Order No. 133/2017 extended sanctions for the first time on the producer of 1-C software (Russian legal entity “OOO 1-C”) and on its most relevant software distributors in Ukraine, e.g. LLC “1C Multimedia Ukraine” (Kiev); LLC “1C-Tellur Module” (Lviv); LLC “1C-Rarus Soft” (Kharkhiv); LLC “Skyline Software” (Kiev), DP “EvroSoftProm” (Kiev).

 

Order No. 133/2017 did not prohibit holders of active licenses the use of 1-C software. However, any future use of 1-C will likely face increasingly severe difficulties:

  • No extension of software licenses for operative 1-C software installations will be possible through the sanctioned producer and distributors of this software.

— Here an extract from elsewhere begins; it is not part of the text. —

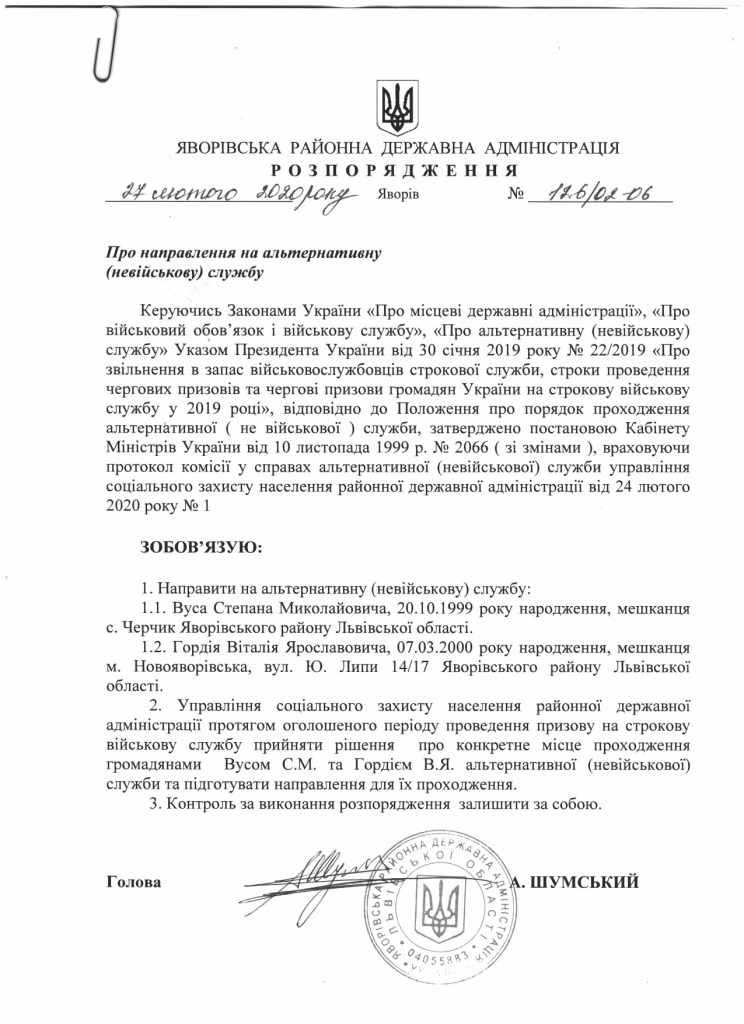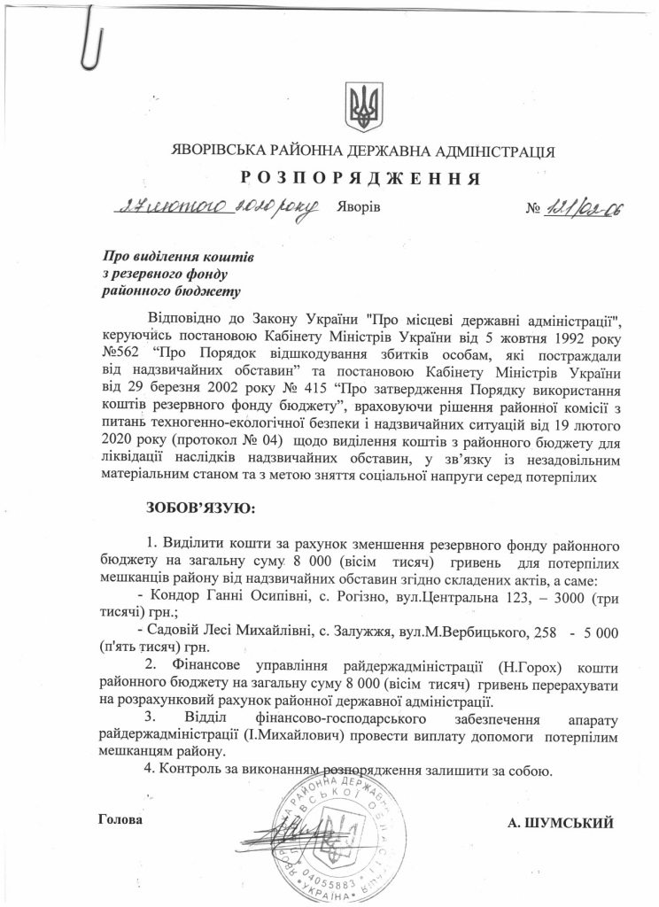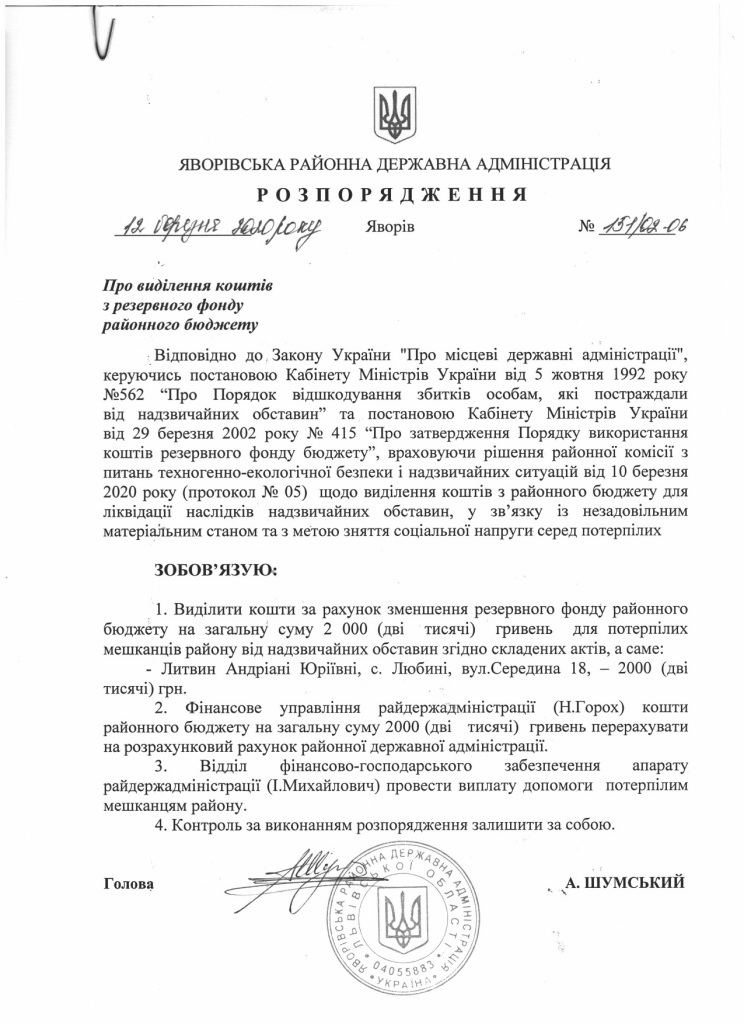 Про внесення змін до розпорядження районної державної адміністрації від 31 жовтня 2018 року №1022/02-06 "Про створення комісії з питань надання одноразової грошової допомоги головою Яворівської районної державної адміністрації громадянам України, які були призвані на військову службу за контрактом" |

  • Online software updates, bug fixes and actualizations to changes in taxation, accounting rules or other laws are restricted, as the provision of telecommunication services was prohibited to the sanctioned producer and distributors of 1-C software.

As Ukrainian business operators’ obligation to comply with effective accounting standards exists independently from the practical availability of standard software, companies using 1-C are liable for accounting errors caused by software that is obsolete or faulty. Ukrainian users of 1-C software should therefore reassess compliance procedures regarding accounting and reporting, as reliance on correctness of 1-C software cannot be taken for granted anymore.